### DATA SHOWN:
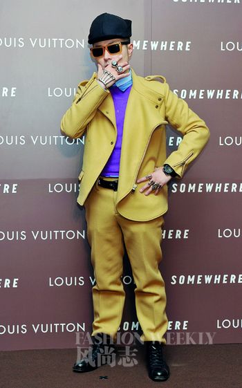 日本多棲藝人Verbal 身著芥黃色西服套裝和Prada香芋紫針織衫,混搭水波浪藍(lán)襯衣,可謂和諧。而黑色配飾又讓這整身行頭顯得有力度。
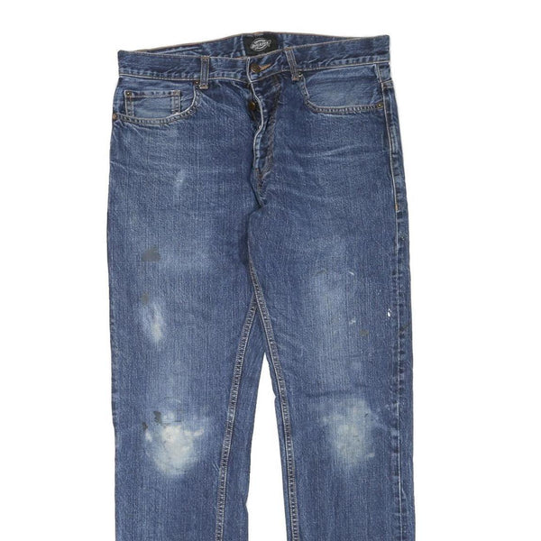 DICKIES Mens Regular Fit Blue Denim Jeans Button W34 L34 Cotton Blend
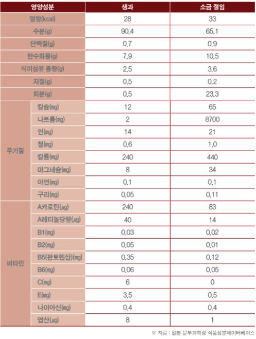 본초강목 등 본초서의 기록에 의하면 매실은 만성 기침, 하열에 의함 가슴의 열기나 목마름, 학질, 만성설사, 혈변, 혈뇨 등을 치료하는 것으로 알려져 있는데 매실 생과 및 소금절임에는 각종 무기영양소와 비타민이 함유되어 있을 뿐만 아니라 각종 항산화 물질들이 풍부하게 들어있습니다.
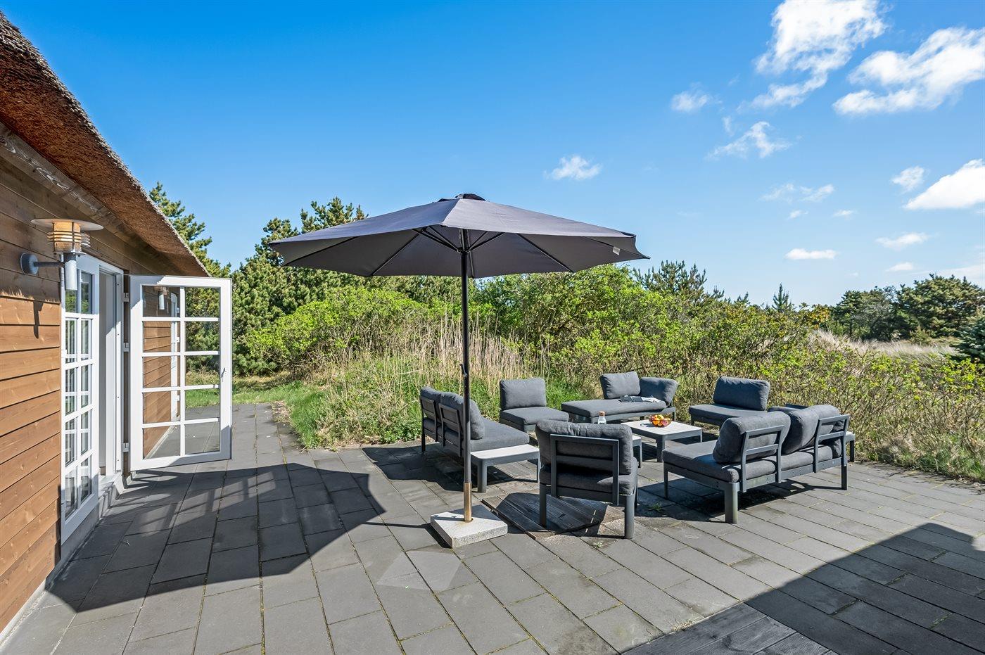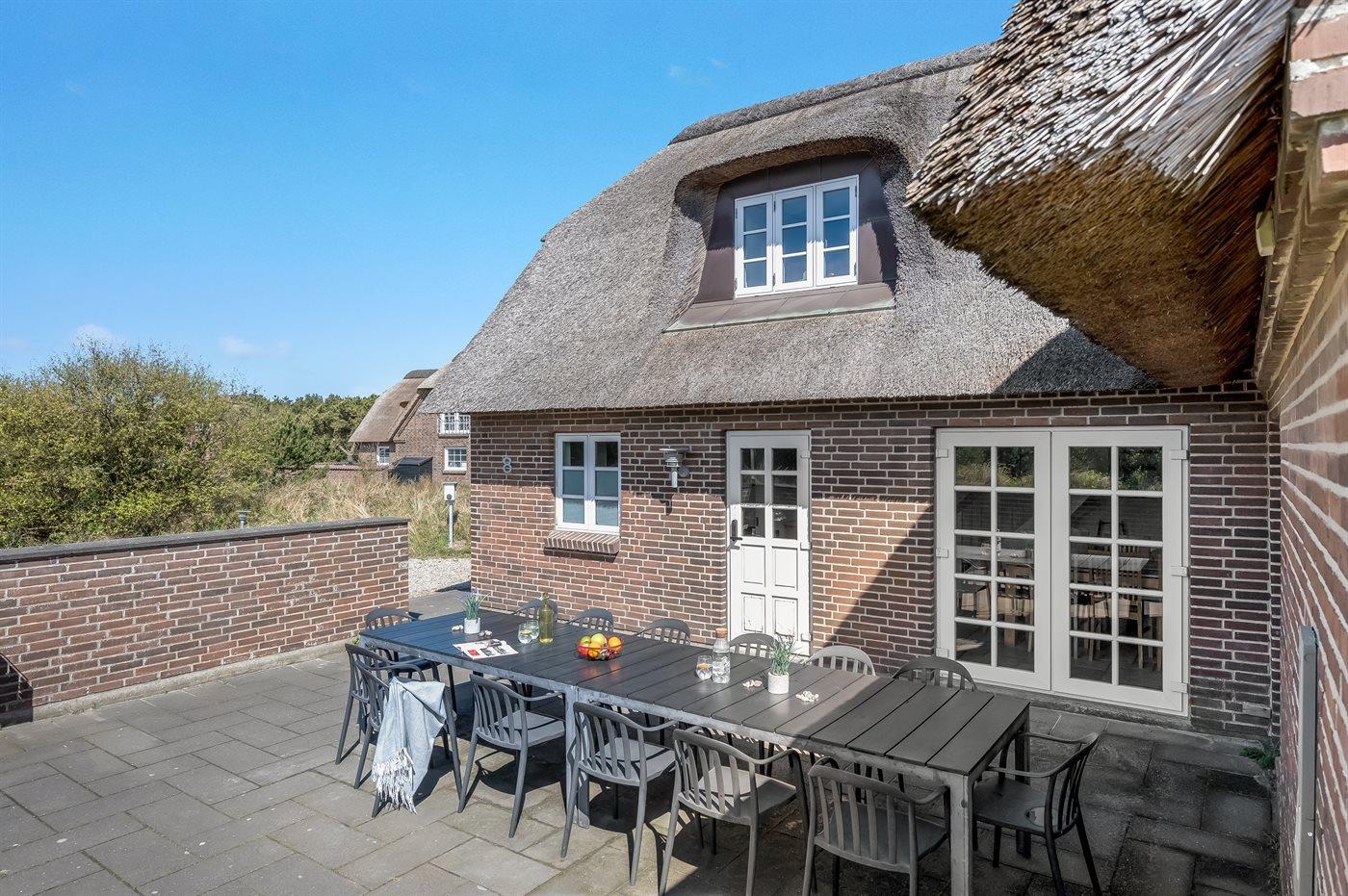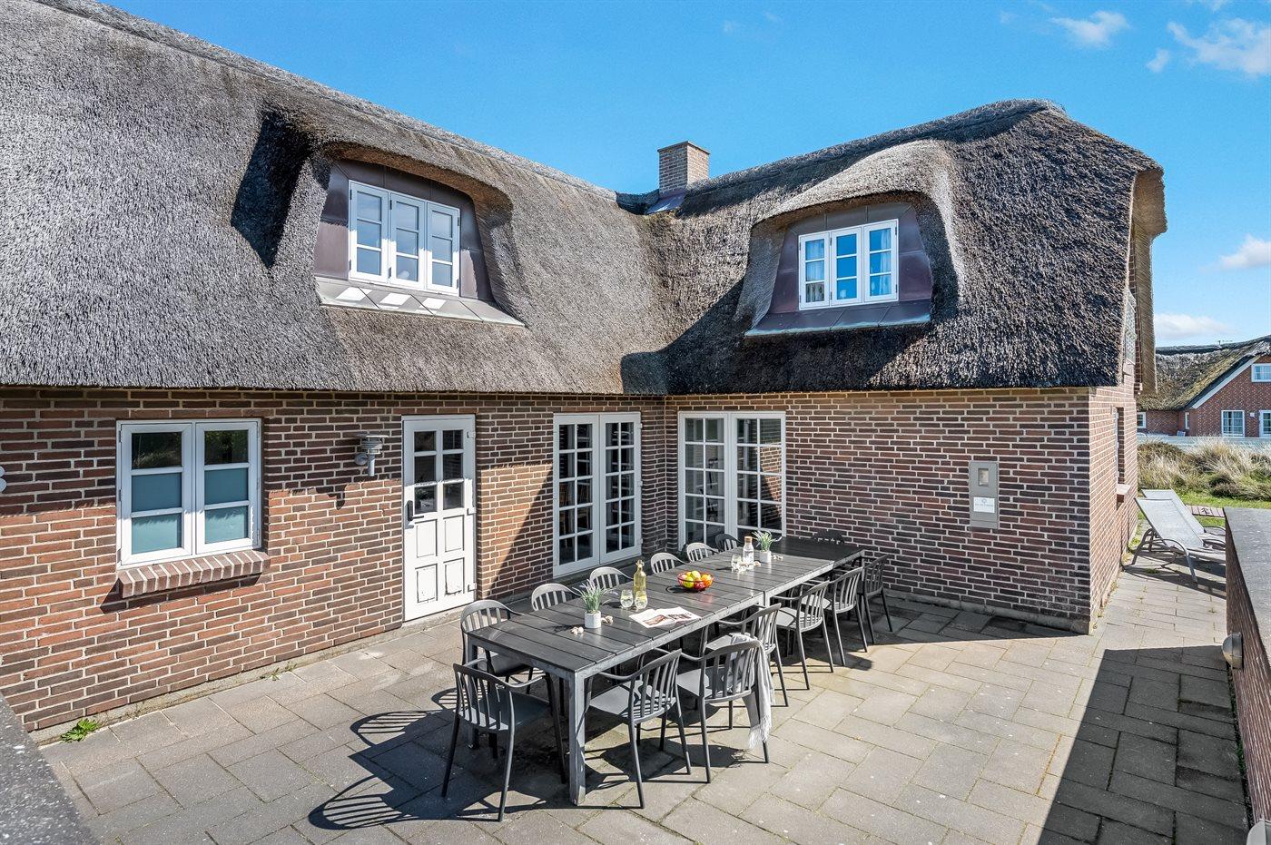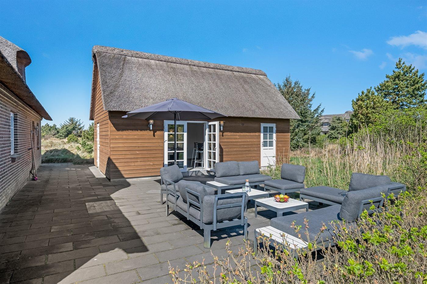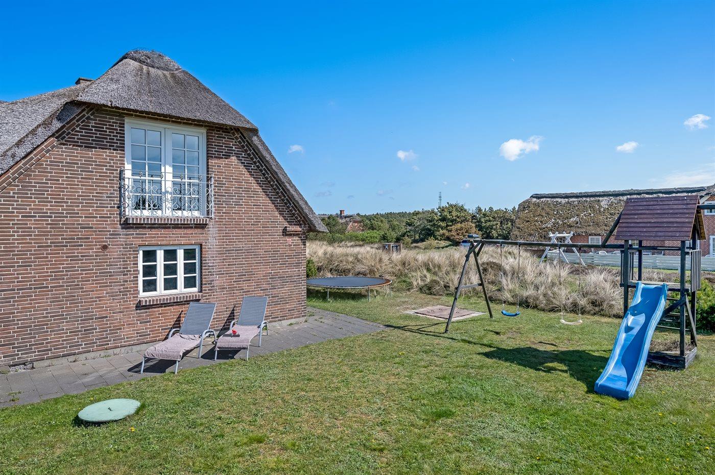 På en af de mest attraktive grunde i Blåvand ligger dette skønne sommerhus med stråtag. Huset er beliggende på en meget stor grund nær havet og en af Danmarks bedste badestrande. Fra husets 1. sal er der en flot udsigt over havet og den smukke natur i området samt til Blåvand Fyr.

### REQUIRED ACTION:
Only the lines from the start of the material to the line with "본초강목 등 본초서의", inclusive, belong in the answer, printed exactly and free of pictures.

### RESPONSE BOX:
 日本多棲藝人Verbal 身著芥黃色西服套裝和Prada香芋紫針織衫,混搭水波浪藍(lán)襯衣,可謂和諧。而黑色配飾又讓這整身行頭顯得有力度。
 DICKIES Mens Regular Fit Blue Denim Jeans Button W34 L34 Cotton Blend
 본초강목 등 본초서의 기록에 의하면 매실은 만성 기침, 하열에 의함 가슴의 열기나 목마름, 학질, 만성설사, 혈변, 혈뇨 등을 치료하는 것으로 알려져 있는데 매실 생과 및 소금절임에는 각종 무기영양소와 비타민이 함유되어 있을 뿐만 아니라 각종 항산화 물질들이 풍부하게 들어있습니다.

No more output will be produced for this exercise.